Examination of proteases and protease-activated receptors (PARs) in Barrett's oesophagus and oesophageal adenocarcinoma

Abstract

Barrett’s oesophagus (BO), a metaplastic premalignant lesion, and gastroesophageal reflux disease (GORD) are two major risk factors for the development of oesophageal adenocarcinoma (OAC), an aggressive cancer the incidence of which is increasing faster than any other malignancy in the Western world. Proteases are known to be present in the refluxed contents of GORD patients and in inflamed BO and OAC tissue microenvironment. Yet, their role in these oesophageal pathologies is still poorly understood. Many (patho)-physiological responses induced by proteases can occur through their cell surface targets, the protease-activated receptors (PARs). Aberrant PAR expression and signalling have been reported in several malignancies. However, the tissue distribution patterns of PARs and their activating proteases as well as the effects of protease/PAR activation on oesophageal pathophysiology are largely unknown.

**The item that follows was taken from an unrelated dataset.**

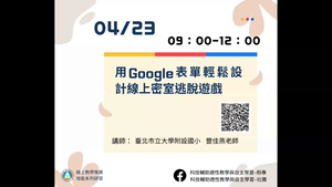 課程名稱:用Google表單輕鬆設計線上密室逃脫遊戲

Therefore, the general aim of this thesis was to investigate the role of PARs and proteases in BO and OAC pathogenesis. More specifically, this thesis aims to: 1) characterise the expression of PAR family members (PAR1-PAR4) in a panel of normal oesophageal mucosa, BO, and OAC tissues, epithelial cell lines, and tissue-derived fibroblasts; 2) characterise the expression and localisation of candidate PAR activating proteases - MMP1, trypsin-1, KLK5, and KLK6 in normal oesophageal mucosa, BO, and OAC tissues; and 3) investigate the signalling and functional effects of PAR1 and PAR2 activation in oesophageal epithelial cells.

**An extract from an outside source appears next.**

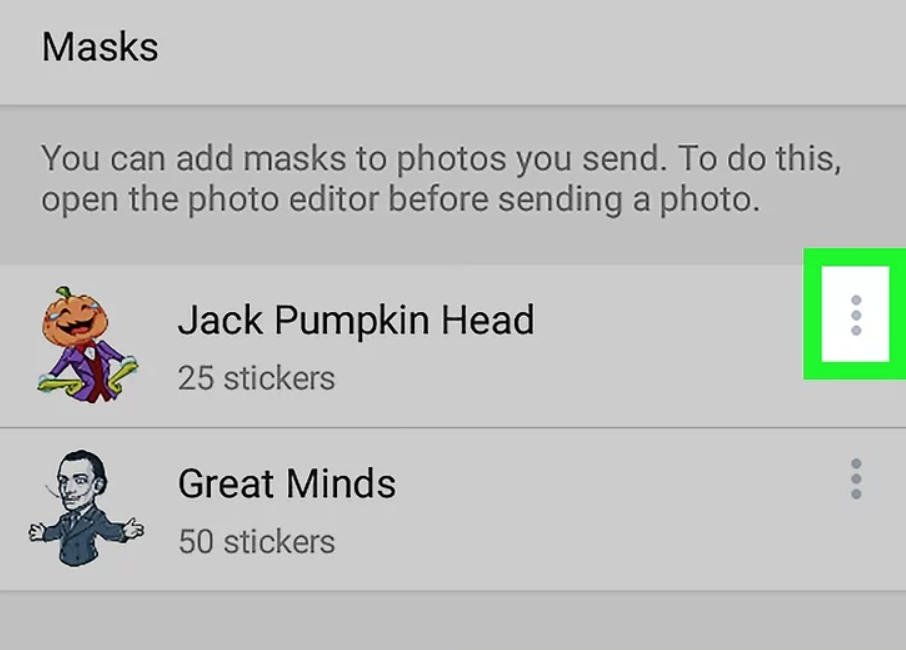 5、找到想删除的贴纸包,点击旁边的三个竖点,弹出菜单。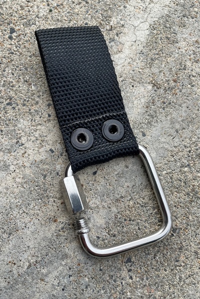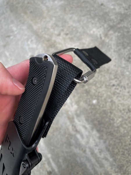 The extender EXT allows you to carry the knife lower on the belt, which simplifies the knife’s accessibility. When wearing a lot of clothes (like in winter), or wearing a long coat, or using a backpack with a hip belt, this gadget fits perfectly. Even when sitting in the car or on a stump, EXT makes it easier to control how the knife should end up. EXT is very strong, completely insensitive to water and made of rust-resistant materials – the rivets are in 304 steel and the 5 mm thick carabiner is in 316 steel. EXT as a whole holds 280 kg/615 lbs, while the carabiner itself holds 1300 kg/2860 lbs before it begins to deform

In Chapter 3, reverse transcription quantitative PCR (RT-qPCR) and immunohistochemical analyses revealed that PAR1 transcript and protein expression were significantly upregulated in BO and OAC tissues compared to normal oesophageal mucosa. PAR1 expression levels correlated significantly with disease progression. PAR3 and PAR4 mRNA overexpression were likewise detected; the former in BO and OAC tissues, and the later in tumour samples. PAR2 transcript and protein were found in all oesophageal tissue types with no statistically significant differences in expression levels. PAR1 and PAR2 expression within BO and OAC tissues were localised in various cell types but primarily in the epithelial cells.

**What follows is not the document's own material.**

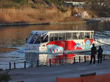 En sortant de ce parc, l’itinéraire de la journée passe par la gare fluviale Kyūnakagawa (旧中川・川の駅). Coup de chance, un bus amphibie arrive justement à la gare…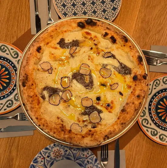 Пицца, сочетающая в себе элегантность и насыщенный вкус — сливочный трюфельный соус и растопленная моцарелла станут идеальной основой для тонких ломтиков брезаолы, свежих помидоров черри и рукколы. Завершающий штрих выдержанного сыра Пармиджано Реджано и Aceto Balsamico di Modena обеспечивает сбалансированную гармонию вкусов

While BO and OAC tissues showed significant increase in MMP1 and trypsin-1 expression, comparable levels of KLK5 protein was noted in all tissue types (Chapter 4). KLK6 transcript was markedly downregulated in BO tissues. Strikingly, MMP1, trypsin-1, and KLK5 were frequently coexpressed with PAR1 and PAR2 in OAC and BO tissues.

Analysis of the effects of PAR activation by the aforementioned proteases in a panel of representative epithelial cell lines revealed that PAR1- and PAR2-mediated signalling were dysregulated in OAC cells (Chapters 5 and 6). For instance, MMP1 but not thrombin induced Ca2+ signalling via PAR1 in OAC cells, whereas thrombin but not MMP1 evoked Ca2+ responses in normal and BO cells. In addition, while PAR2 activation triggered transient ERK1/2 signalling in normal and BO cells, ERK1/2 activation was sustained in OAC cells. Moreover, PAR1 and PAR2 stimulation activated PI3K/AKT signalling exclusively in OAC cells. Functionally, PAR1 and PAR2 activation promoted OAC cell invasion and chemotaxis, respectively. In all, these results highlight the PARs as potential players in OAC and BO pathogenesis and thus, potential therapeutic targets for these oesophageal pathologies.